Forward Looking Statement
Cautions:
This news release includes forward-looking
information within the meaning of applicable Canadian securities
laws. In some cases, forward-looking information can be identified
by the use of words such as “may”, “will”, “should”, “expect”,
“intend”, “plan”, “anticipate”, “believe”, “estimate”, “predict”,
“potential”, “continue”, and by discussions of strategies that
involve risks and uncertainties, certain of which are beyond the
Purchaser’s and the REIT’s control. In this news release,
forward-looking information includes, among other things,
statements relating to the Meeting proceeding as described herein
or at all, expectations with respect to the timing and outcome of
the Arrangement and the anticipated benefits of the Arrangement to
the parties and their respective security holders, the timing of
the Meeting and the results thereof. The forward-looking
information is based on certain key expectations and assumptions
made by each of the Purchaser and the REIT, including with respect
to the structure of the Arrangement and all other statements that
are not historical facts. The timing and completion of the
Arrangement is subject to customary closing conditions, termination
rights and other risks and uncertainties including, without
limitation, required regulatory, court, and unitholder approvals.
Although management of each of the Purchaser and the REIT believe
that the expectations reflected in the forward-looking information
are reasonable, there can be no assurance that any transaction,
including the Arrangement, will occur or that it will occur on the
timetable or on the terms and conditions contemplated in this news
release.
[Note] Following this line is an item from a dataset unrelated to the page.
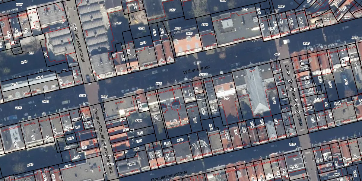 Het perceel waarop Willemsstraat 65-1A staat heeft een oppervlakte van 371 m². Dit is een groot perceel. De perceeloppervlakte wordt geregistreerd door het Kadaster. Gedetailleerde informatie over de maten van dit perceel kunt u vinden in het rapport Kadastrale kaart met maatvoering van Willemsstraat 65-1A.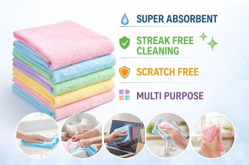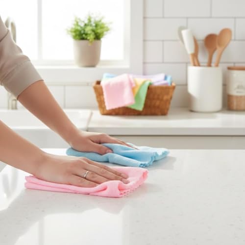 - أقمشة مايكروفايبر قابلة للغسل في الغسالة ويمكن إعادة استخدامها عدة مرات دون فقدان النعومة أو أداء التنظيف.

The Arrangement could be modified, restructured or
terminated. Readers are cautioned not to place undue reliance on
forward-looking information. Additional information on these and
other factors that could affect the Purchaser and the REIT are
included in reports on file with Canadian securities regulatory
authorities and may be accessed through the SEDAR+ website
(www.sedarplus.ca).
By its nature, such forward-looking information
necessarily involves known and unknown risks and uncertainties that
may cause actual results, performance, prospects and opportunities
in future periods of the Purchaser and the REIT to differ
materially from those expressed or implied by such forward-looking
statements. Furthermore, the forward-looking statements contained
in this news release are made as of the date of this news release
and neither the Purchaser, nor the REIT nor any other person
assumes responsibility for the accuracy and completeness of any
forward-looking information, and no one has any obligation to
update or revise any forward-looking information, whether as a
result of new information, future events or such other factors
which affect this information, except as required by law.